Cada caso é sempre um caso, o tratamento para as hemoroidas é avaliado segundo vários critérios

Comichão, dor, perda de sangue são as queixas mais comuns. Ir à farmácia, sem consulta médica, pedir uma pomada não resolve nada. Não é por aí.

Luís Santos deixou-se andar com os incómodos subjacentes ao seu bem-estar e saúde, hemorragias constantes, procura de soluções alternativas. Não é piegas, garante, foi-se habituando, é certo, mas não esconde que as hemorroidas lhe dificultaram a vida – sobretudo ele que gosta tanto de andar de mota e faz quilómetros na estrada. “Deixei andar, deixei andar, foi evoluindo, evoluindo, com bastante impacto na qualidade de vida”, conta. A situação era grave. “Fui parar ao hospital com perdas significativas e constantes de sangue”, recorda. Sabia o que tinha, desconfiava do estado avançado da sua condição.

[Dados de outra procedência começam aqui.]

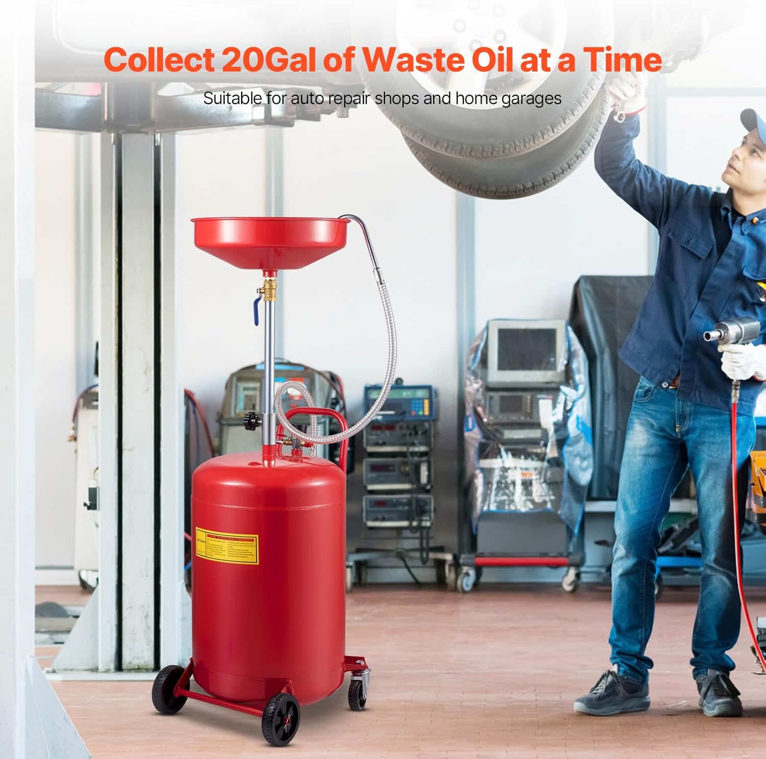 VEVOR 20-Gallon Waste Oil Drain Tank, Air Operated Portable Oil Drainer with Adjustable Funnel Height, Fluid Fuel Transfer Drainage with Wheels, Oil Change Container for Auto Repair Shops, Garages

O canal anal é como um tubo que tem as suas características. Eduardo Xavier, proctologista, estuda e trata alterações e perturbações do reto e ânus, médico cirurgião da REDELAB Saúde, traça o perfil dessa zona como um desenho. “O reto e o ânus são a parte terminal do tubo digestivo. Tem uma forma afunilada que termina no orifício anal. Na parte terminal desse ‘funil’, encontram-se ‘almofadas’, agrupadas em número de três, compostas de vasos sanguíneos.” Vasos sanguíneos que se localizam no canal anal e que têm um papel importante na contenção e evacuação. Mais acima, hemorroidas internas, mais abaixo, externas. “Quando inflamam, quando estão mais dilatadas por alguma razão, causam alguns sintomas que conduzem à doença hemorroidária”, explica Daniel Bertoluci Brito, especialista em medicina geral e familiar, na Clínica Espregueira, no Porto. “É uma doença que afeta bastante a qualidade de vida. É uma doença bastante prevalente, estima-se que 5% da população mundial tenha algum sintoma”, acrescenta. Atinge homens e mulheres, não há diferenças de género, sobretudo a partir dos 35, 40 anos.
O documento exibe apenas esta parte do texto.